Sitemaps have an .XML format and can be viewed as a web address.

Where can I find my sitemap on Squarespace?

You can view your Squarespace sitemap in your browser by adding /sitemap.xml to your website URL:

for live sites:

https://www.yourdomain.com/sitemap.xml

For built-in Squarespace domains:

https://www.sitename.squarespace.com/sitemap.xml

How can I edit my Squarespace sitemap.xml file?

Squarespace creates and updates your sitemap automatically. You can’t access the Squarespace sitemap.xml manually.

If you find any errors in the sitemap you should troubleshoot that all page URLs are correct. If you’ve removed a page or 301 redirected one, the page will not appear in the sitemap anymore.

It can take up to 24 hours until changes are reflected in your sitemap.

Which URLs are included in your Squarespace sitemap?

Squarespace sitemaps include all live URLs and image metadata.

It doesn’t include any file URLs, password-protected, draft, or removed pages. Even pages that 301 redirect to another URL are not included in the sitemap.xml file. All pages on your site with a noindex tag are also excluded from the xml file.

 

Why does my Squarespace site not appear in Google search results?

It’s normal for new sites to not rank immediately in Google search results. It may take up to a couple of months depending on your content and competition.

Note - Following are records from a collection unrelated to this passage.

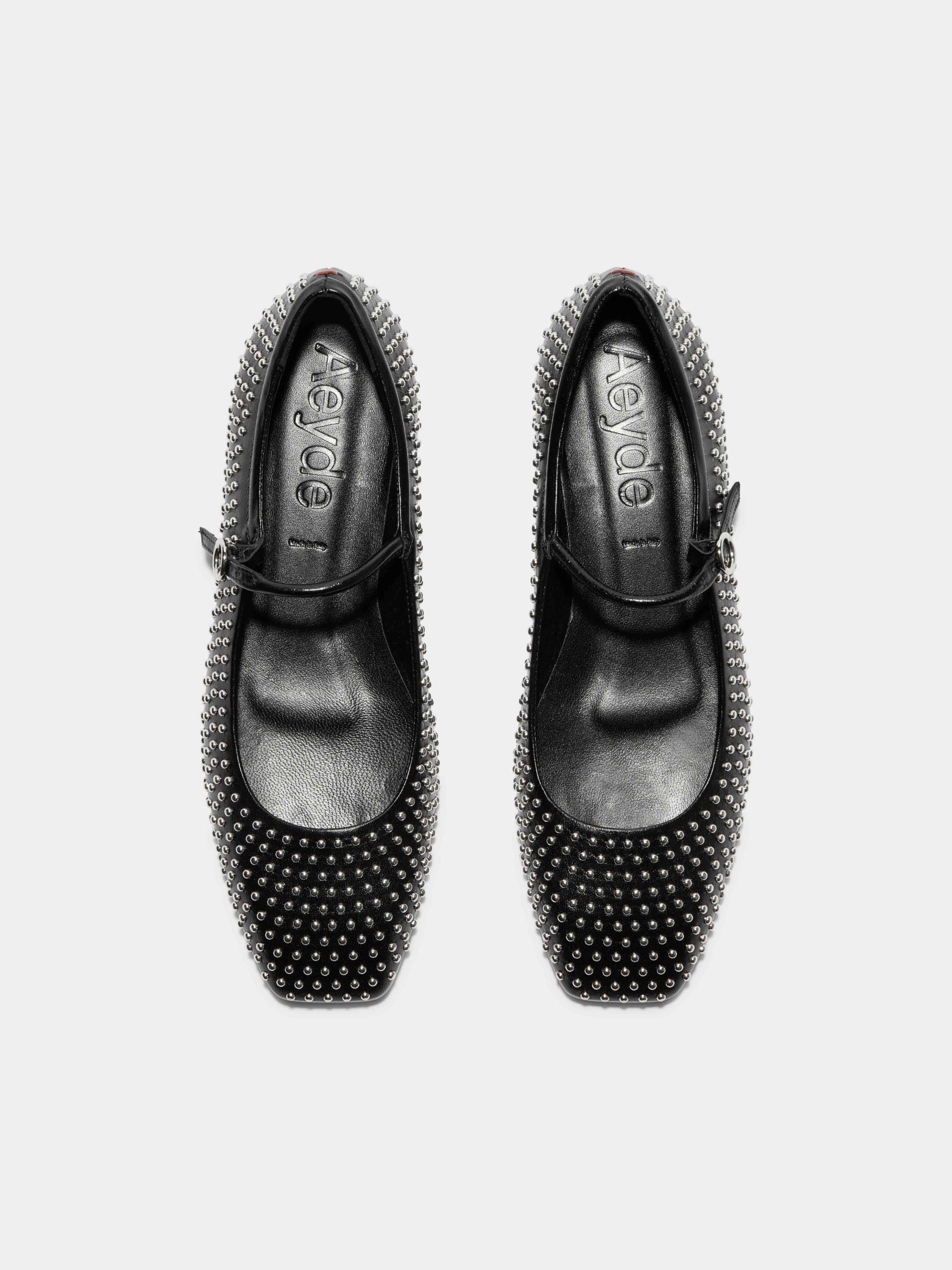 Inside Material: 100% Cross Breed Lamb Leather Outside Material: 100% Nappa Leather/Metal Studs Heel Height: 0.8 CM
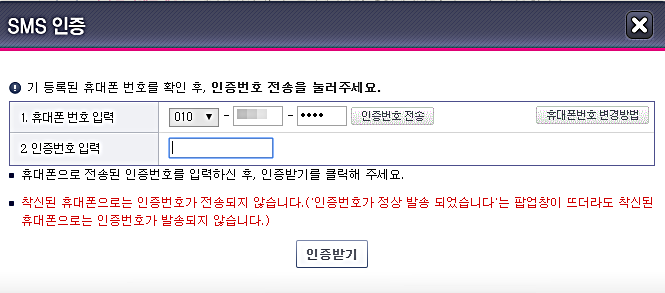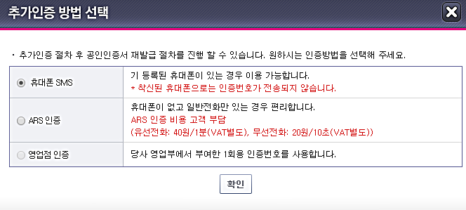 인증은 휴대폰 SMS 인증, ARS 인증, 영업점 인증 중 한 가지의 방법으로 선택하면 된다.
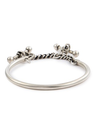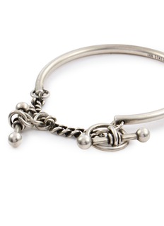 This Ann Demeulemeester bracelet showcases a fusion of rustic charm and modern design. Crafted from high-quality metal, its unique structure features a smooth main band complemented by intricate, twisted accents and spherical details. The secure closure ensures a comfortable fit.
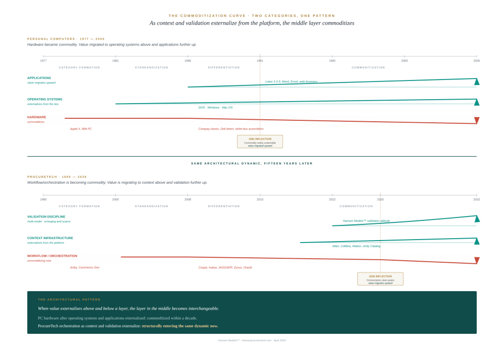 Two timelines, fifteen years apart, same architectural dynamic. When value externalizes above and below a layer, the layer in the middle becomes interchangeable. PC hardware traveled this trajectory from 1977 to 2000. ProcureTech orchestration is structurally entering the same trajectory now. The practitioner who recognizes the shift first is no longer evaluating vendor differentiation claims inside the vendor’s preferred frame. The practitioner is positioned to ask the architectural question the vendor-controlled frame has been structurally suppressing.
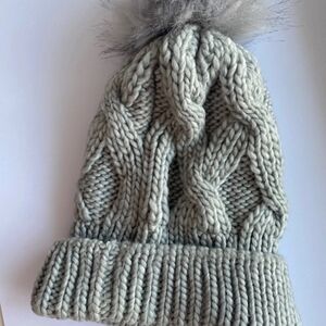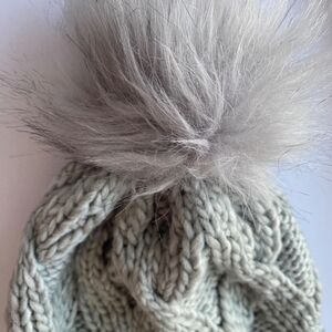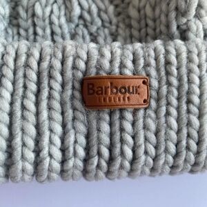Barbour Women's Pom Pom Beanie Hat Cable Knit One Size Gray

Anyways, you can potentially speed up the process with a few tricks to inform Google about your new, awesome Squarespace site.

Even if you have an established website, it may take a couple of days for new blog posts or URLs to be indexed by Google.

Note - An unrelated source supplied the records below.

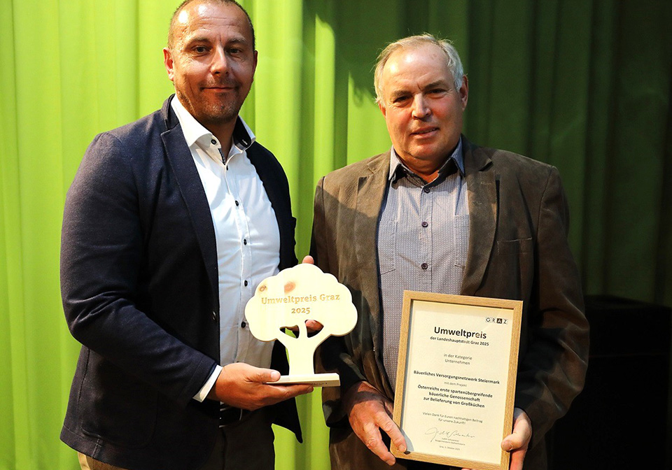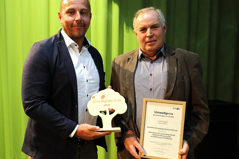 Unter dem Motto „Wir essen klimafreundlich!" stand der Umweltpreis der Stadt Graz im Jahr 2025, der im Oktober im Rahmen des "Marktes der Zukunft" verliehen wurde. Der erste Platz ging an die Genossenschaft Bäuerliches Versorgungsnetzwerk Steiermark.
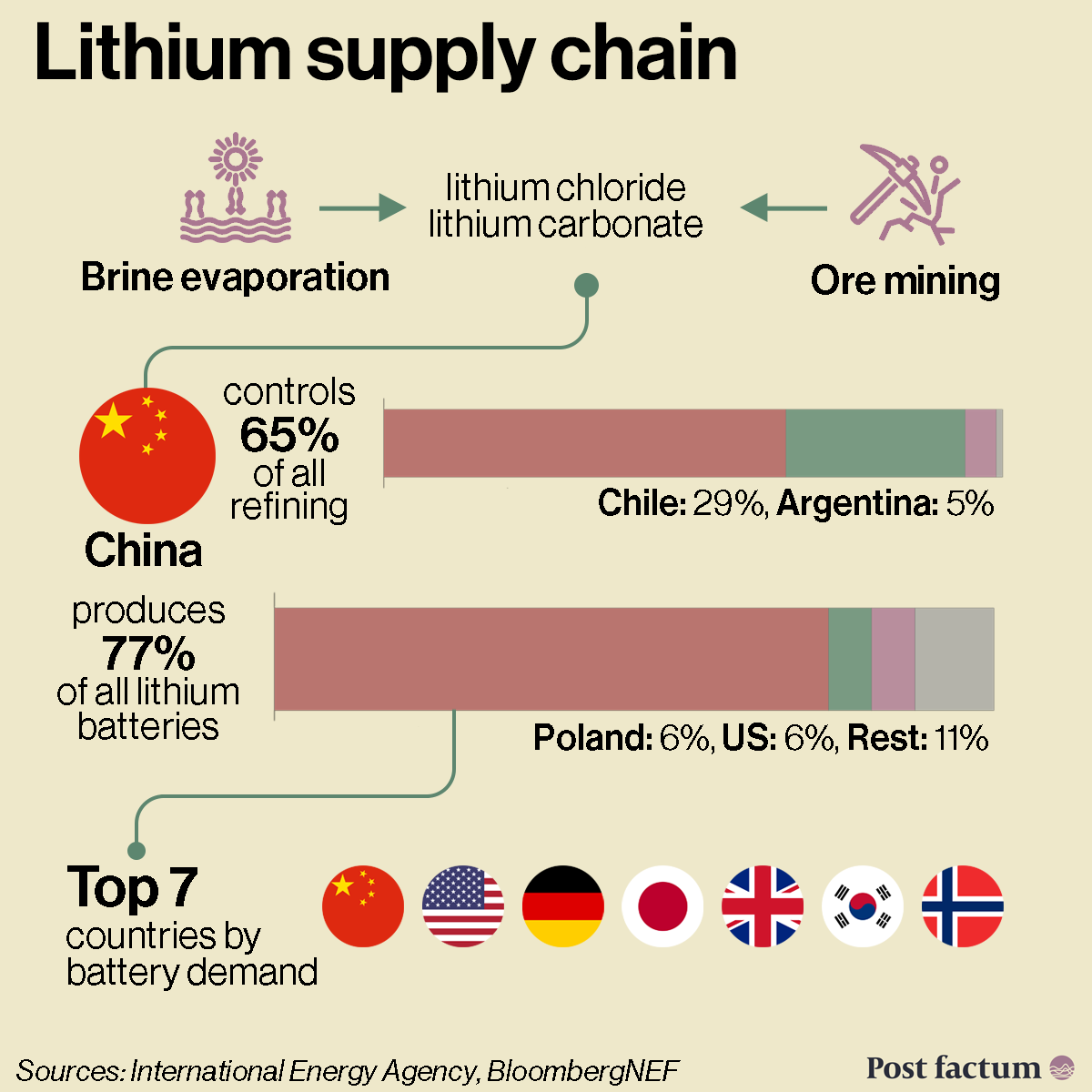 China has a near-monopoly on rare earths, controlling almost 90% of refining.
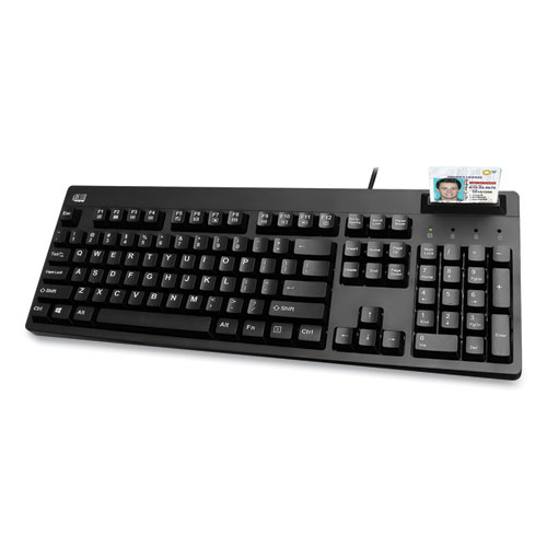 The AKB-630SB-TAA keyboard is an input device designed for GSA sales to goverment agencies, the military, their suppliers and vendors, and other organizations requiring end products manufacturered to U.S. Trade Agreement Act Specifications. The built-in smart card reader brings extra security and ease for banking transactions, identification systems, secure web applications, and secure logon. Due to its secure nature, smart card keyboards are extensivelty used by industries like banking, healthcare, e-commerce, and goverment agencies. This device supports multiple international standards including ISO7816 for IC card standard, PC/SC 2.0 for Windows Smart Card standard, Microsoft WHQL, EMV for Europay MasterCard Visa Standard and USB-IF CCID standard. Made with antimicrobial material which prevents the growth of harmful bacteria and protects against the build up of germs on the product.
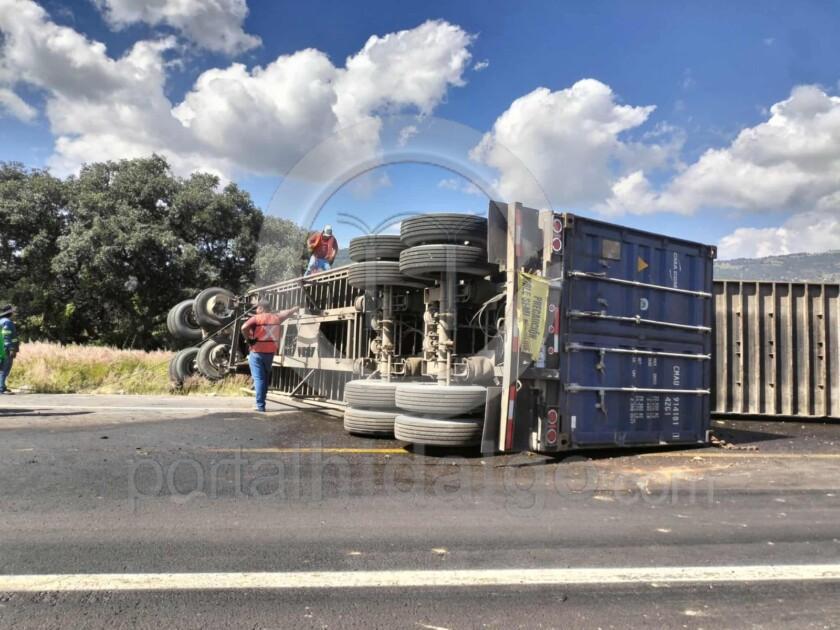 Un tractocamión volcó y su cabina ardió en llamas durante la mañana de este viernes sobre la autopista Pátzcuaro-Cuitzeo, dentro del municipio de Morelia.
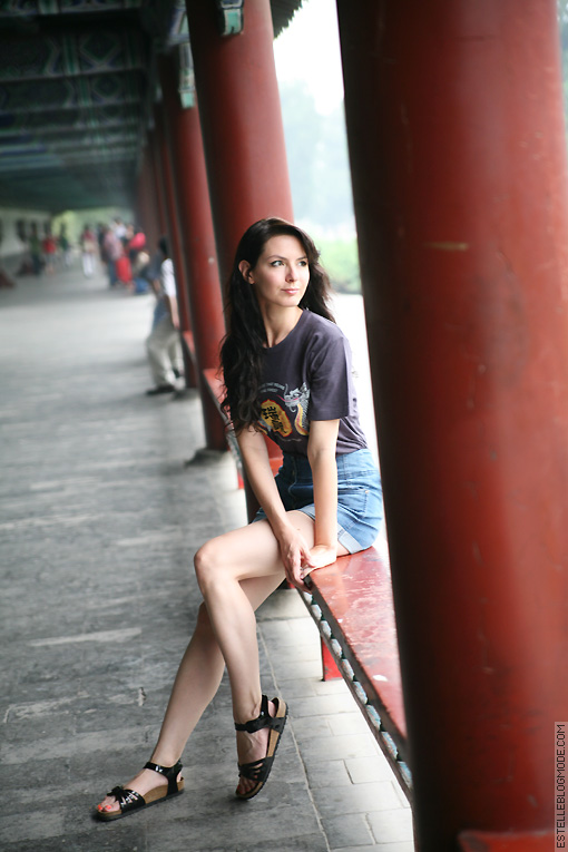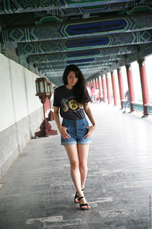 For the first time in the world, I reveal my hiking outfit for China : my high-waisted shorts that you know, a T-shirt found in Shanghai for the Asian style, and especially the most comfortable shoes in the world. No glam at all, but really comfortable for walking the miles of Chinese roads ! (and yes, fashion bloggers are not always modern fairiers wearing 12 cm heels ^^) However, I chose a model a little bit « girly » ! Hiker, but not too much! ^ ^ Kisses to all of you.
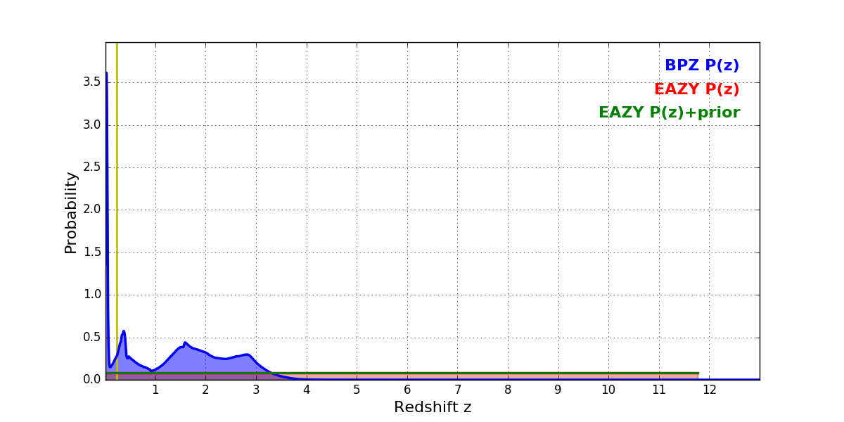 In P(z) plots: Yellow lines mark the cluster redshift z = 0.228,

Request indexing by submitting your Squarespace sitemap to Google Search Console

Does Squarespace submit a sitemap to Google?

Sitemaps are automatically crawled by search engines, however, to speed up the indexing you should submit your Squarespace sitemap to Google via Google Search Console.

If you haven’t verified your site in Google Search Console, you need to do this first.

You can also request Google to crawl your site content for a single URL. This is recommended when you made major updates to one page or added a page that isn’t ranking yet. (don’t overuse this feature)

How do I submit my Squarespace site to Google Search Console?

In your Google Search Console account, navigate to Sitemaps in the Index section on the sidebar menu. Insert the sitemap URL and press submit to index your site:

Submit Squarespace Sitemap to Google Search Console

Please note, this helps your ranking but doesn’t ensure that your site gets indexed right away and will appear in Google search results. Especially new websites or new articles are often affected by Google Sandbox Effect.

Common sitemap SEO errors

Sitemaps are great to enhance your SEO results by helping search engines to understand your site structure. However, some issues can cause On-Site SEO errors and negatively impact your overall site health. Error messages can be seen in your SEO tools and Google Search Console.

Here are a few common sitemap SEO mistakes:

Orphaned sites: An orphaned site is a URL that hasn’t any internal links. It’s only discoverable through the direct link URL, but no other page on your website links to the destination. This signals to Google an error in the site structure as well as that the URL isn’t an important page.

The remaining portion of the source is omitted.